Я? А кто виноват, что я, словно нечистая людская совесть, шатаюсь по ночному городу? Хотя пардон: я, возможно, обыкновенный пьяница, придумавший интеллигентное оправдание своему пороку! Вполне, вполне возможно, только вот …
Я пробираюсь по мешкам цемента, натыкаюсь на доски. Неосвещенный двор завален строительным хламом. Но я знаю, что вон там, за грудой битого этернита, притаилась задняя дверь склада. Я отыскиваю ее ощупью и вхожу в сени.
Вторая дверь приоткрыта, и сквозь щель падает свет.
Дяди Якоба нет. Возле печурки для сжигания опилок сидит вовсе не он, а его внучка Леа. Я решаю уйти, но этот свет, это струящееся в щель тепло так соблазнительны, что нет сил уйти. У стены сеней — два ящика.
Не присесть ли? Леа меня не видит, а увидит — что такого? Не хочется, до того не хочется возвращаться в холодный ночной туман.
Я сажусь и сквозь щель гляжу на Леа. Она что-то учит. Отсвет из печки падает на ее лицо, на черную, как смоль, косу, на монотонно шевелящиеся губы; Леа в самом деле очень красива. У нее чистое лицо, одухотворенное и строгое — есть в ней что-то от истинной мадонны. Мне становится теплей.
Леа поднимается, кладет книгу. И направляется в мою сторону. Я непроизвольно прижимаюсь к стене.
Леа совсем вблизи — я вижу ее густые брови, светлый лоб и полузакрытые глаза. Возле двери она поворачивает назад и начинает говорить вслух:
— Сердце находится в грудной полости. У него форма конуса с основанием на уровне второго и вершиной на уровне пятого межреберья. Снаружи сердце закрыто сердечной сумкой.
Я смотрю на ее крепкие стройные ноги в стареньких туфлях и думаю, что у нее, у Леа, сердце тоже конусовидное. Странно, почему бы не сказать, что сердце сердцевидно, но, наверно, для учебника это в самом деле не годится. У Леа есть сердце, у всех есть сердце… Наши сердца должны делать свою работу в одиночку. Но наверняка появится однажды молодой парень с конусовидным сердцем и полюбит твое сердце, Леа. Он будет любить твое сердце и целовать твой молодой алый рот, рассказывающий сейчас мне, старому продрогшему человеку, о конусовидном сердце.

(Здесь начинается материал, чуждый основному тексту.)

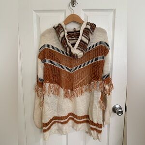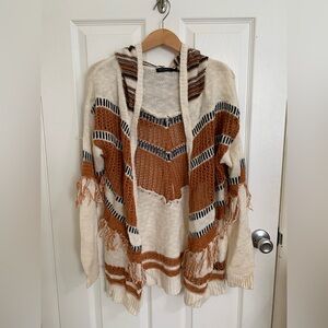 Blu Pepper cream and brown knit fringe hooded cardigan in excellent used condition.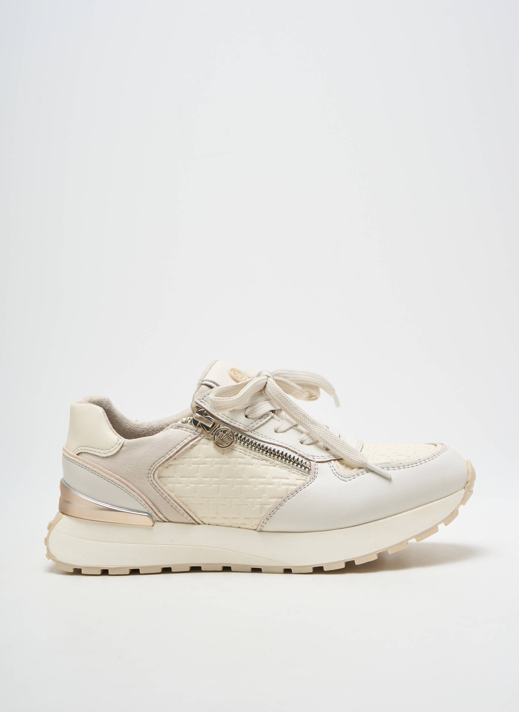 Craquez pour cette paire de baskets femme signée TOM TAILOR, une option tendance et confortable à prix mini, idéale pour celles qui recherchent une touche d’élégance sans se ruiner. Avec leur design raffiné mêlant différentes textures et leurs détails soignés comme la fermeture éclair sur le côté, ces baskets légèrement rehaussées subliment toutes vos tenues du quotidien tout en offrant un bon plan incontournable pour profiter d’un style premium sans compromis sur le budget.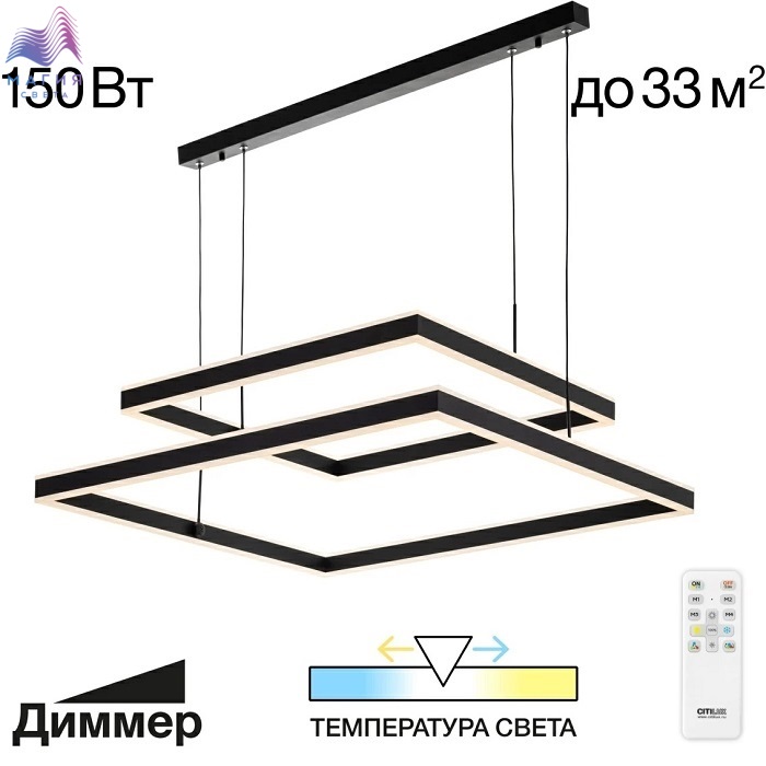 Светодиодный подвесной светильник Citilux Дуэт CL719K211. Материал: металл/полимер. Цвет: черный/белый. Модель с двумя подвесными квадратными светодиодными модулями-плафонами, высоту и угол наклона каждого из которых можно легко изменить. Пульт ДУ в комплекте (плавная регулировка яркости от 10 до 100%; управление цветовой температурой от 3000К до 5500К). Площадь освещения - до 33м².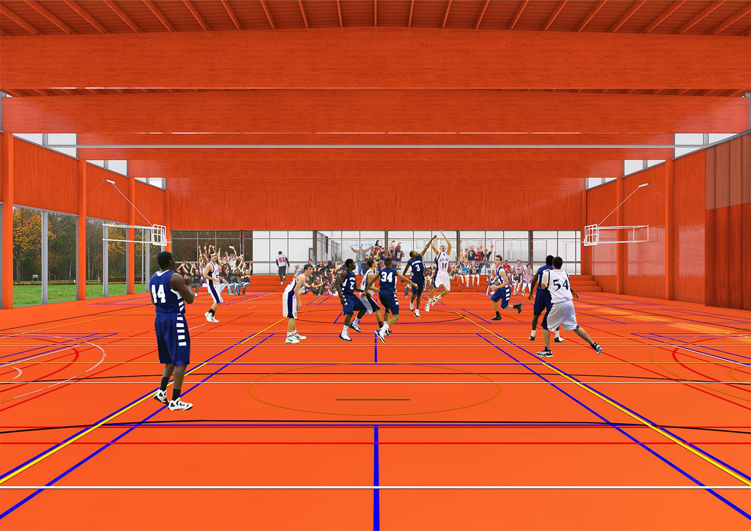 Sport Vlaanderen is transforming the Hofstade sports complex into one coherent, sustainable whole. A new front façade and garden wall unify the existing halls, while upgraded insulation, solar energy, and daylight-filled spaces ensure comfort and efficiency. Modern locker rooms, a multipurpose hall, and a vibrant sports floor make the complex welcoming, flexible, and ready for the future.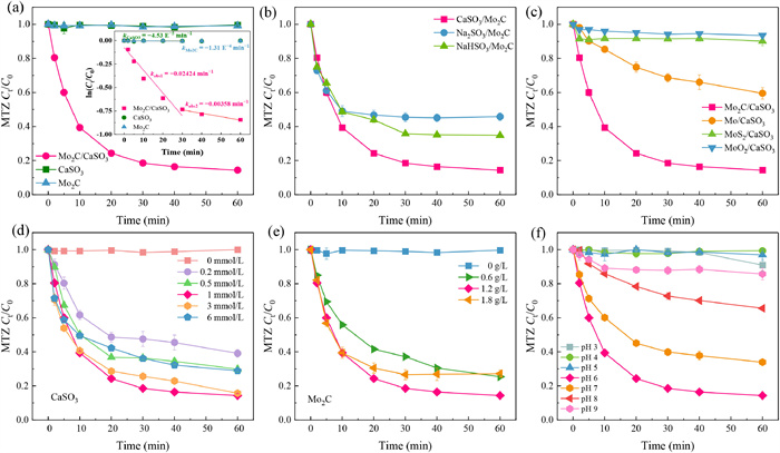 | Fig. 1. (a) MTZ removal and corresponding pseudo first-order kinetic by diverse processes. (b) Comparison of MTZ degradation by Mo2C activate different sulfites. (c) CaSO3 activation by different Mo−based materials for MTZ elimination. Effect of CaSO3 concentration (d), Mo2C dosage (e), and buffered pH solution (f) on MTZ decomposition. Conditions: [CaSO3]0 = [Na2SO3]0 = [NaHSO3]0 = 1 mmol/L, [Mo2C]0 = [Mo]0 = [MoS2]0 = [MoO2]0 = 1.2 g/L, pH 6. | |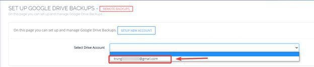 At the CyberPanel interface, go to theBack up => Setup Google Drive => Select Drive Account section, select the correct account that was previously configured.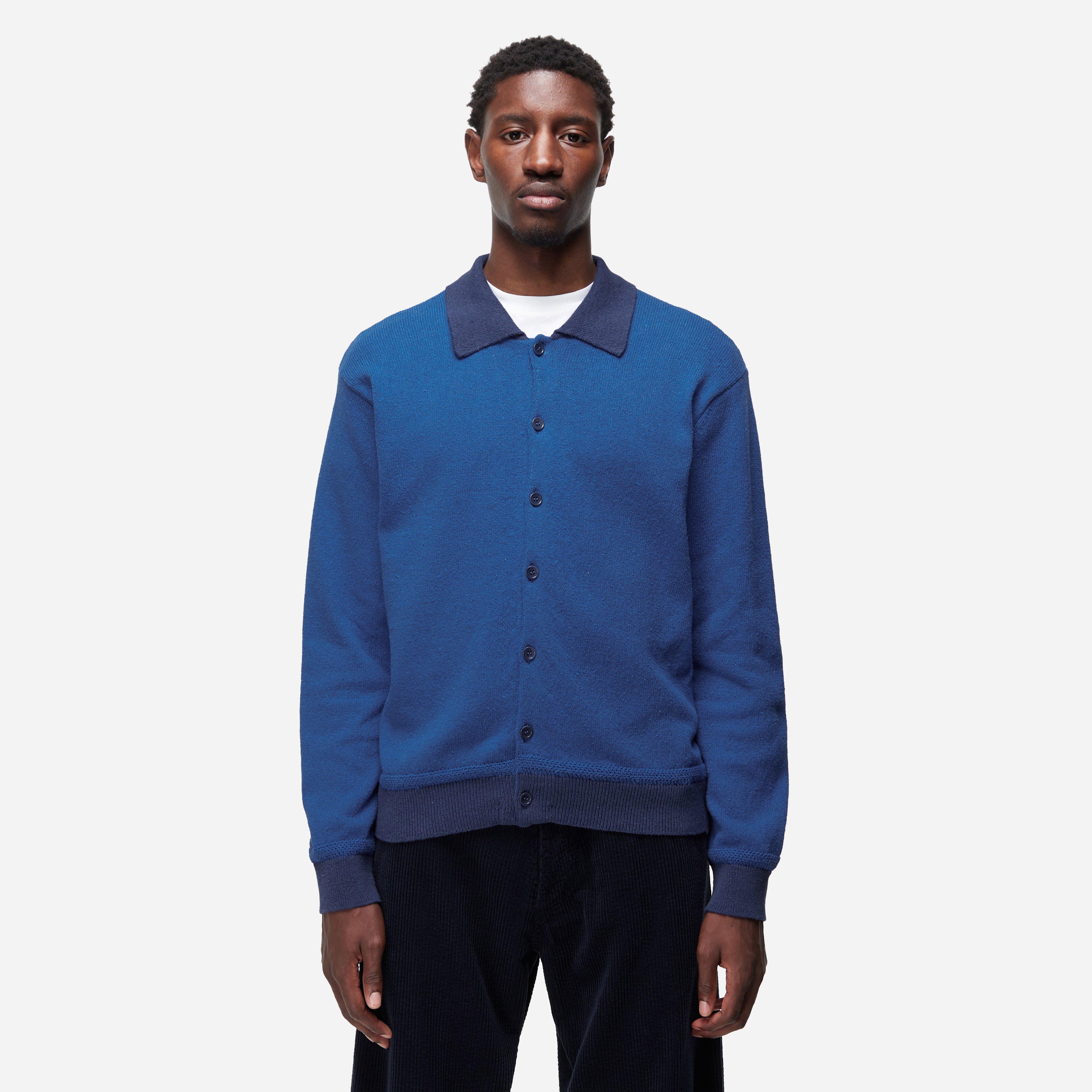 Blue - 75% Recycled Cotton 20% Recycled Polyester 5% Other - Made in Portugal - Knitted collar - Two tone - Corozo buttons - Contrast rib collar, hem & cuffs - Regular fit - Model is 6'1" and wears size medium.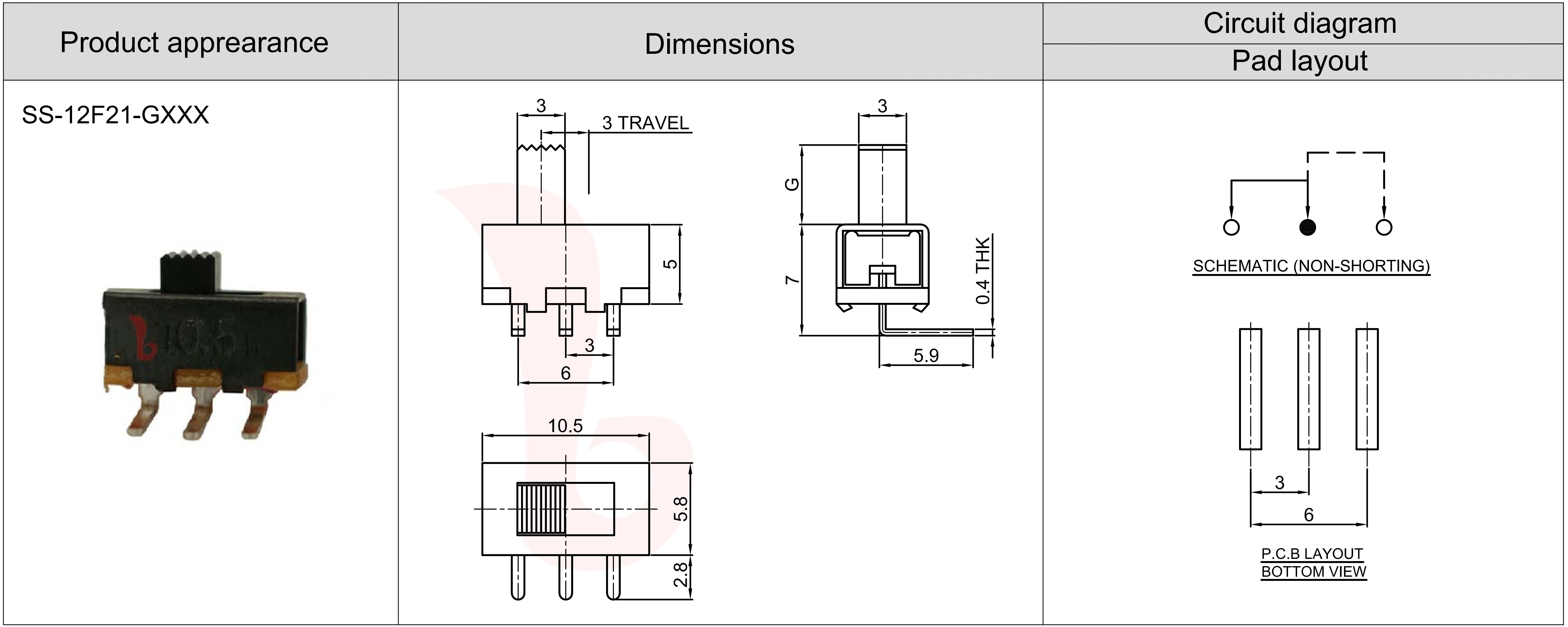 CONTACT ARRANGEMENT: 1P2T SLIDE SWITCH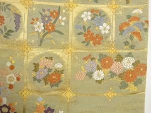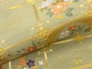 格子に花々模様織出し袋帯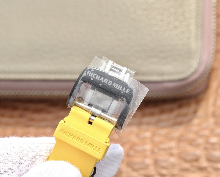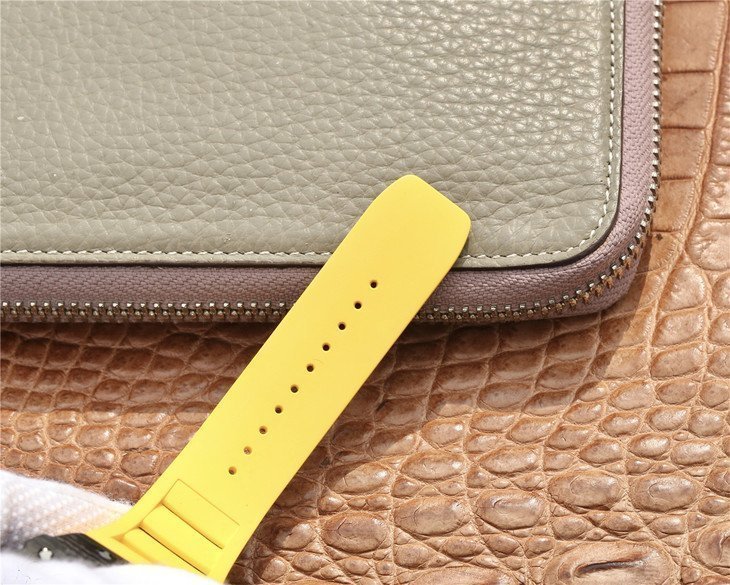 Желтый каучуковый ремешок, с двойной раскладывающейся титановой застежкой Richard Mille. |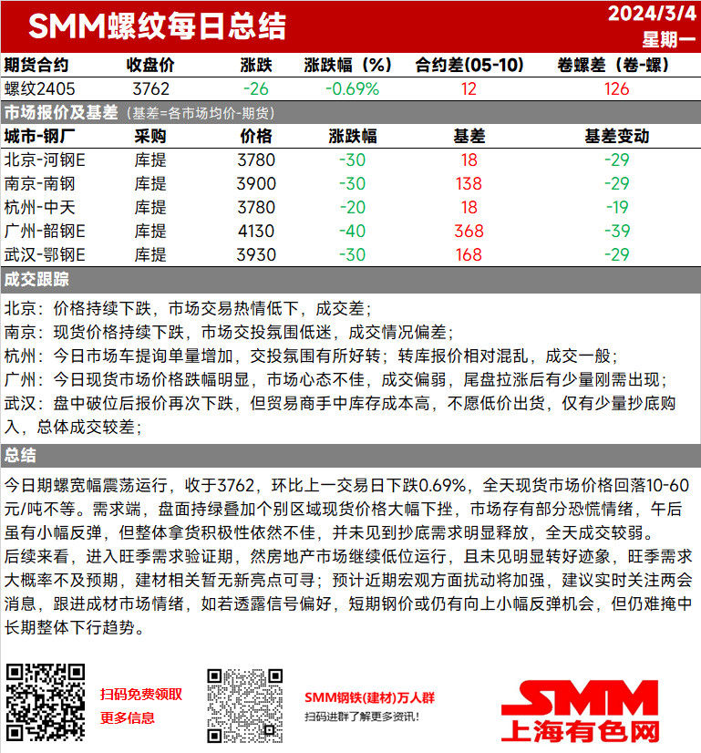 【SMM螺纹日评:两会进行时!宏观方面近期扰动或将加强】今日期螺宽幅震荡运行,收于3762,环比上一交易日下跌0.69%,全天现货市场价格回落10-60元/吨不等······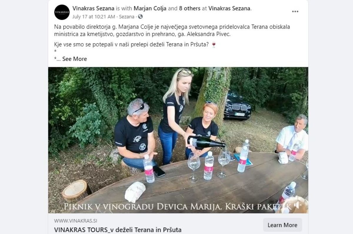 V zadrugi Vinakras so danes zavrnili vsa namigovanja o korupciji glede gostovanja ministrice. Kot so pojasnili, njen obisk nikoli ni bil načrtovan kot promocija zadruge, namen objavljenega videoposnetka, ki da ga nekateri mediji predstavljajo kot promocijski video, pa je prikaz ministričinega obiska.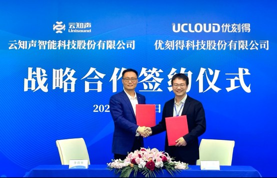 ? (云知聲聯(lián)合創(chuàng)始人、副總裁李霄寒,優(yōu)刻得聯(lián)席CTO王凱簽署戰(zhàn)略合作協(xié)議)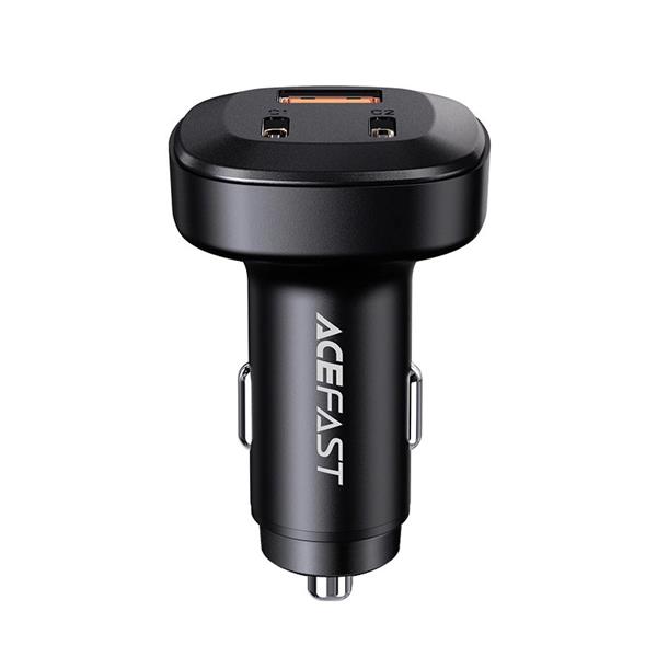 Szybka ładowarka samochodowa marki Acefast. Posiada 2 porty USB Typ C i 1 USB. Wtyczki USB Typ C umożliwiają ładowanie z mocą 36W i 30W, łącznie wytrzymują obciążenie do 66W. Pozwala na szybkie ładowanie m.in. w standardach PPS, Power Delivery, Quick Charge 4.0, AFC i FCP. Można do niej podłączyć 3 urządzenia jednocześnie. Jest wykonana z ognioodpornego materiału PC. Została wyposażona w wiele zabezpieczeń takich jak np. przed przegrzaniem, przepięciem, wysokim napięciem czy przeciążeniem.

У меня тоже есть сердце, но мое сердце уже старое и его сердечная сумка так толста, что многое перестало проникать внутрь. И наоборот: местами сумка так износилась, что в сердце легко проникает многое такое, чему там не место.
Здесь тепло и хорошо, пахнет огнем и смолистыми стружками. Мне сонно и спокойно. Мне кажется, что Леа стережет не только склад, но и меня. Так хорошо знать, что тебя стерегут и что стережет тебя такая серьезная девушка с требовательным взглядом.
— В тысяча девятьсот втором году удалось впервые у отделенного от человеческого тела сердца вызвать сокращения через несколько часов после смерти…
Мне не хочется думать о таких вещах, да и Леа становится крайне серьезной. Наверно, она представила себе, как это несчастное сердце поместили в сосуд и надувательски заставили работать. Ведь сердцу хочется, чтоб мы жили, вот оно и работает, работает без передышки. Но у сердца нет ни ума, ни глаз, оно не знает, ради чего ему приходится так вкалывать. Оно качает кровь, независимо от нашей воли. Сердце бессердечно и бессовестно …
Леа снова подходит к двери.
— Нащупайте у себя пульс лучекостной артерии, сонной артерии и височной артерии.
Она вздергивает вверх левый рукав, ищет пульс. Почему-то и я начинаю искать пульс своей лучекостной артерии.
Двое людей, полутемный склад, печка для сжигания опилок. Двое людей прислушиваются к своему сердцу, проверяют, бьется ли оно и как бьется. Мы живы. Я раньше тебя, Леа, покину это пятно света между двумя мраками. Ты должна жить долго, тебе наверняка предназначено сотворить новые конусовидные сердца, новые освещаемые на миг лица.
Освещенные лица вспыхнут на миг и растворятся в эбеновой тьме.
Теперь мы с Леа ищем сонную артерию. Шея у нее мягкая, ее, наверно, еще ни разу не касались мужские губы, белая шея с очень мягкой, гладкой и нежной кожей, но на зависть молодая и напряженная!
Кадык под моей ладонью скачет, как поплавок, весь подбородок усеян кустами жесткой щетины.